Lent in the Jubilee Year of Mercy

Ash Wednesday

Each Ash Wednesday, I open the season of Lent by celebrating Mass at the Cathedral of Saint Matthew the Apostle. As the liturgy unfolds here and throughout the area, we see an inspiring witness of faith.

Ash Wednesday is always quite popular, with large numbers of people attending and sometimes an overflow crowd standing outside. It is a sign that people in these secular times still have a humble appreciation for the fact that, as great as life on earth can be, at some point it will end. So, throngs of people come forward to have ashes in the form of a cross traced on their foreheads to remind them both of their human limitations and that Jesus’ act of love and mercy on the Cross and rising from the dead offers them salvation. The ashes offer a reminder that God is with us, God loves us, and God redeems us.

This day begins a forty-day penitential journey of prayer, fasting and almsgiving as we walk with Jesus on a path that leads us to the Paschal Mystery and new life. Our Lenten pilgrimage is especially poignant in the Jubilee of Mercy, which includes the opportunity to pass through the Holy Door at the Cathedral, the Basilica of the National Shrine of the Immaculate Conception, or other holy places in the area and throughout the world. The doors symbolize our call to seek the Lord’s mercy, which is always open to us, and then share it with others.

When he announced this holy year, Pope Francis said Lent will be a special time to experience divine mercy in the Sacrament of Reconciliation. The grace we find here is the story of God’s love that is never lost. Like the father in the parable of the prodigal son, God waits and watches for our return every time we walk away. Like the son who left home, all we need to do to return to our heavenly Father is to recognize our misery, caused by our own doing, and turn towards him.

Our Father waits for us with all of his love, with all of his mercy. In Confession, we find the glory of the Lord’s forgiveness and are renewed in grace and our relationship with Christ. All you need to receive this compassionate healing is contritely ask, then God’s love, mercy and forgiveness is yours.

Once again, the Archdiocese of Washington and the neighboring Diocese of Arlington are encouraging people to receive this wellspring of God’s mercy in the “Light is ON for You” campaign. Desiring to show God’s tenderness to all who seek it, in addition to the usual times for Confession, churches throughout the area will be open Wednesday evenings during Lent for people to receive this healing grace. Please visit our special website to learn more.

The grace given in Confession is a blessing for others as well as ourselves. In this year’s Message for Lent, Pope Francis explains that “God’s mercy transforms human hearts; it enables us, through the experience of a faithful love, to become merciful in turn. In an ever new miracle, divine mercy shines forth in our lives, inspiring each of us to love our neighbor and to devote ourselves to what the Church’s tradition calls the spiritual and corporal works of mercy.”

Jesus said he came to give sight to the blind (John 9:39).
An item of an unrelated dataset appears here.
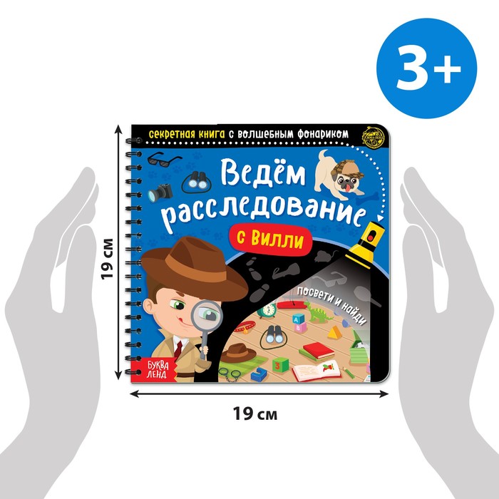 Секретная книга с волшебным фонариком «Ведём расследование с Вилли» привлекает внимание ребёнка своей необычной задумкой.

How often in our own lives do we fail to really see those around us who are in need of assistance? Lent prompts us to recognize this failing and overcome it through being merciful to others.

“In the corporal works of mercy we touch the flesh of Christ in our brothers and sisters who need to be fed, clothed, sheltered, visited; in the spiritual works of mercy – counsel, instruction, forgiveness, admonishment and prayer – we touch more directly our own sinfulness,” Pope Francis writes. “By touching the flesh of the crucified Jesus in the suffering, sinners can receive the gift of realizing that they too are poor and in need.”
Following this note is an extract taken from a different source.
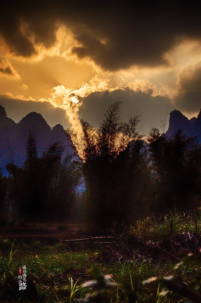 青山叠叠,竹影婆娑,太阳就要在云中坠落山间。

The archdiocese’s special #EncounterMercy website shares resources and reflections on our need for God’s mercy and how that mercy might be extended to others. There you will find information about parish activities, regional missions of mercy, and how to join in the ongoing Walk with Francis initiative.

Lent, like any journey, begins with making sure we are traveling in the right direction. Humbly recognizing our need for conversion, our hearts are opened to receiving the transformative love and mercy of God, which in turn is radiated to those around us. In this way, we can live out the theme of this Jubilee and be “Merciful like the Father,” whose door of mercy is always open us, and who in turn opens our hearts to forgiving and loving others.